→ Your task:
In the listing below, locate the line with "sizzling ! 4" and the line with "Junto a estos", then output both and everything between them exactly, minus any pictures.

→ Data for processing:
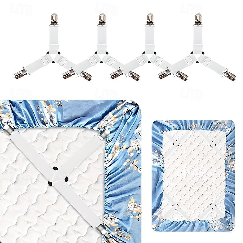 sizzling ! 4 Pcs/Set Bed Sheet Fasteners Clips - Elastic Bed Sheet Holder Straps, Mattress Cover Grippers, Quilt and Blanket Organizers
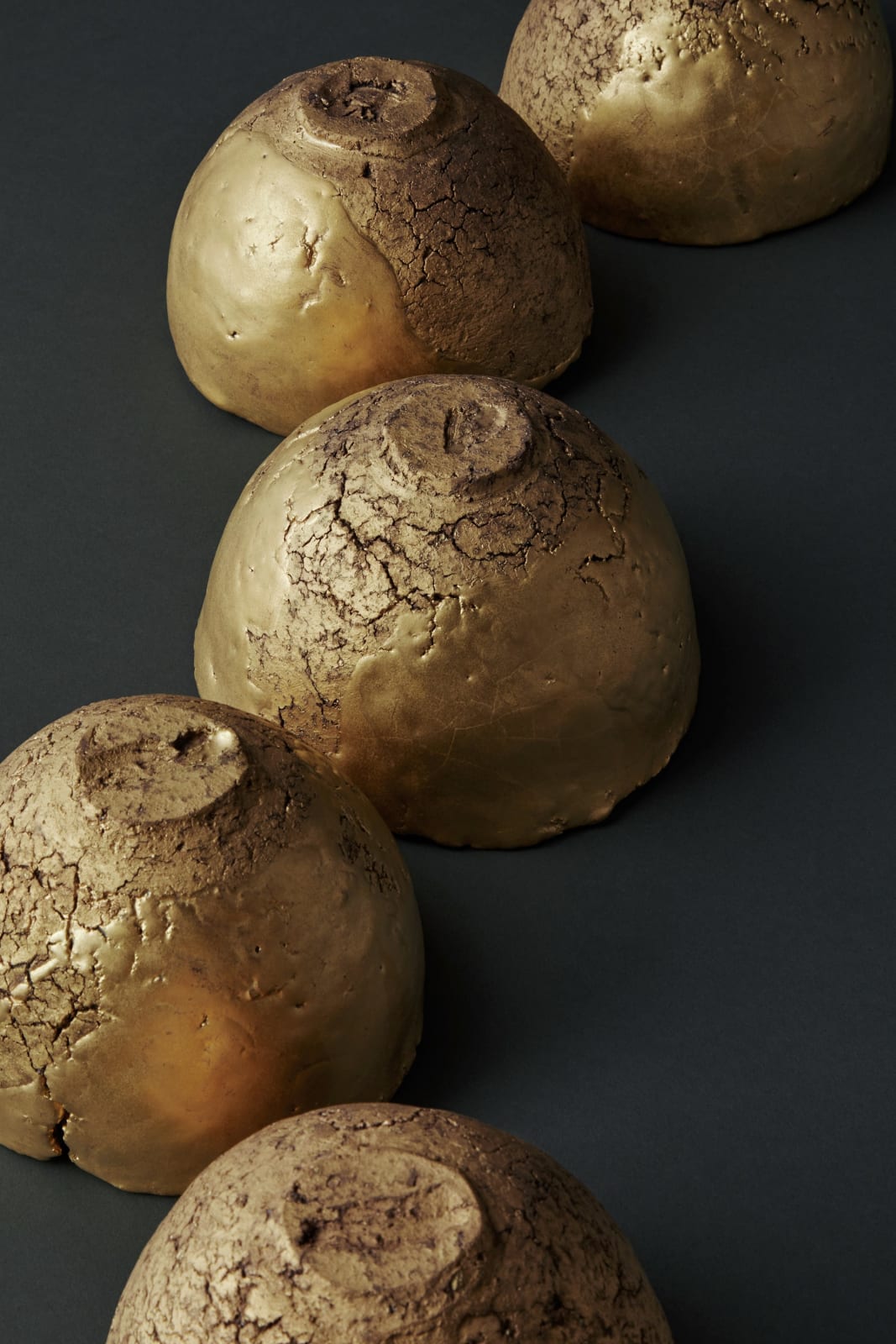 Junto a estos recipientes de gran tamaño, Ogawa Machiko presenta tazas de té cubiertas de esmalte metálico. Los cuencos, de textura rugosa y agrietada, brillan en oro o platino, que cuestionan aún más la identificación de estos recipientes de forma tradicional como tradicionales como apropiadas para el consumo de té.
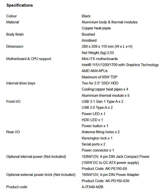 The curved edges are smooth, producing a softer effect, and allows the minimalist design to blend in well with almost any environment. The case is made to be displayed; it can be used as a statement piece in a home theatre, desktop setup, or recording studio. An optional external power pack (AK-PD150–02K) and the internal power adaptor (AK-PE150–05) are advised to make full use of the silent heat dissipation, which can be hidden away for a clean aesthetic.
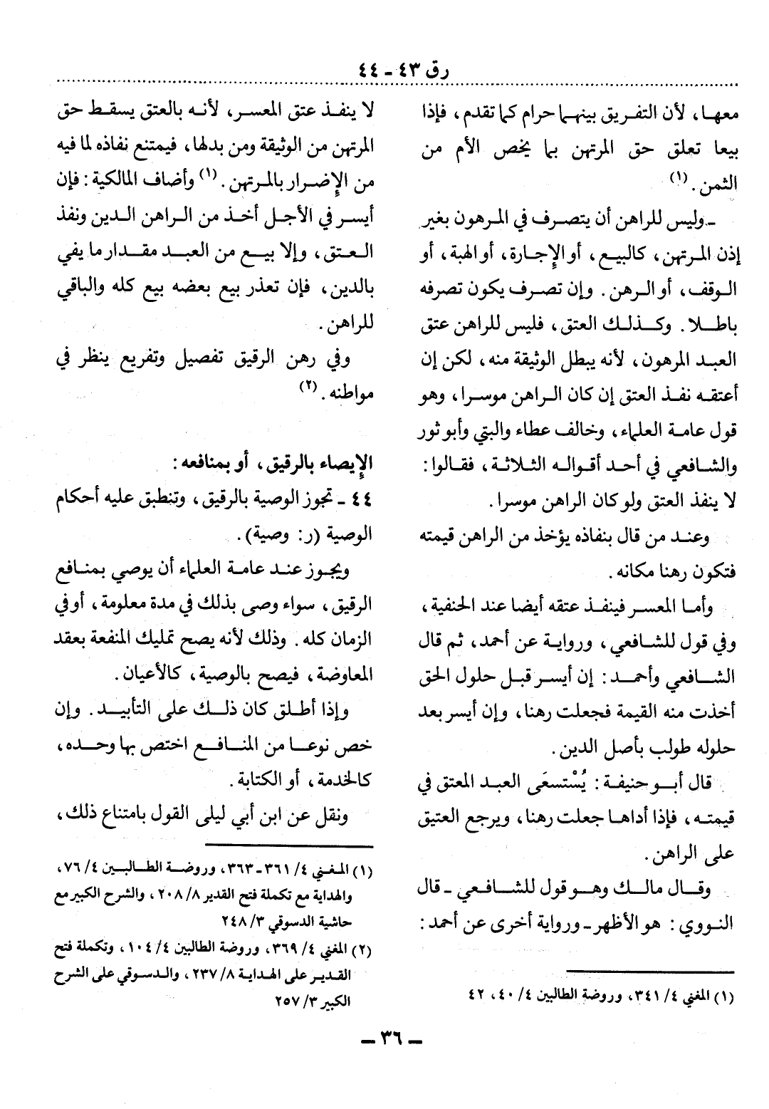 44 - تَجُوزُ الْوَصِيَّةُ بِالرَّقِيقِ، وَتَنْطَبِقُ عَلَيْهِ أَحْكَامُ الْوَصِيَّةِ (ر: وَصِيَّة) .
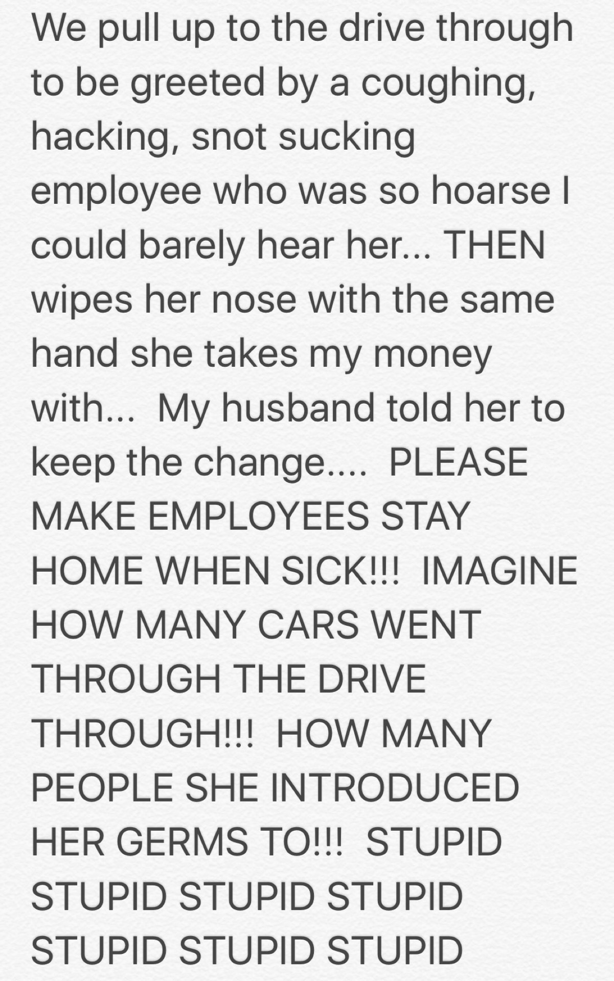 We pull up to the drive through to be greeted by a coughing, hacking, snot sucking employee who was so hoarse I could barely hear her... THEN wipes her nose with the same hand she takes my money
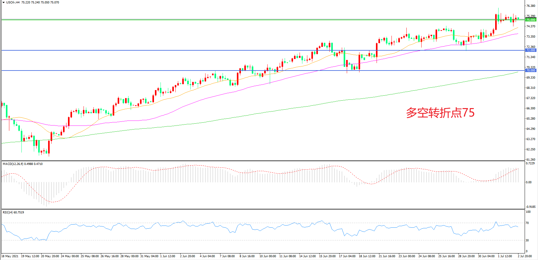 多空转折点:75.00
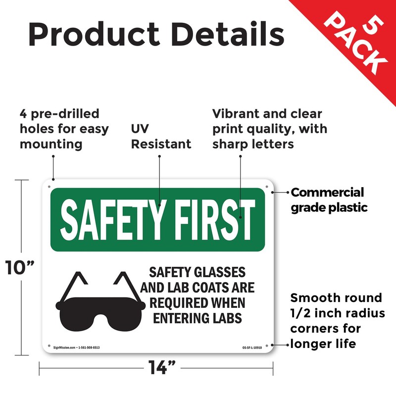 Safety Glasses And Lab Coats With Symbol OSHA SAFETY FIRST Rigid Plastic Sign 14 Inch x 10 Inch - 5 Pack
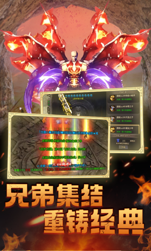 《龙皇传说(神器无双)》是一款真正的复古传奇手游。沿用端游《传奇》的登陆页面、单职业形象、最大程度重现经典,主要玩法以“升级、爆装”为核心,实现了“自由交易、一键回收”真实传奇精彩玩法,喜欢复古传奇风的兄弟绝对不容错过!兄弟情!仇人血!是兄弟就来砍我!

...

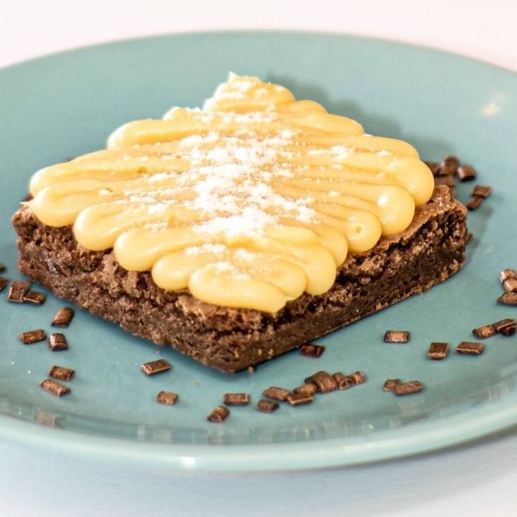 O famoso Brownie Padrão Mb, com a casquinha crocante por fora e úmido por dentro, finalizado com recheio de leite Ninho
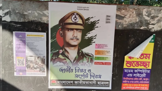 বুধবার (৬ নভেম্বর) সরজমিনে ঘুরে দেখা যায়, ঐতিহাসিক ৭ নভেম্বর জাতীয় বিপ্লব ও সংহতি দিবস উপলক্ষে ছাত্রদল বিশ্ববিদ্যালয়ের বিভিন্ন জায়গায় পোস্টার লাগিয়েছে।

→ Exercise result:
 sizzling ! 4 Pcs/Set Bed Sheet Fasteners Clips - Elastic Bed Sheet Holder Straps, Mattress Cover Grippers, Quilt and Blanket Organizers
 Junto a estos recipientes de gran tamaño, Ogawa Machiko presenta tazas de té cubiertas de esmalte metálico. Los cuencos, de textura rugosa y agrietada, brillan en oro o platino, que cuestionan aún más la identificación de estos recipientes de forma tradicional como tradicionales como apropiadas para el consumo de té.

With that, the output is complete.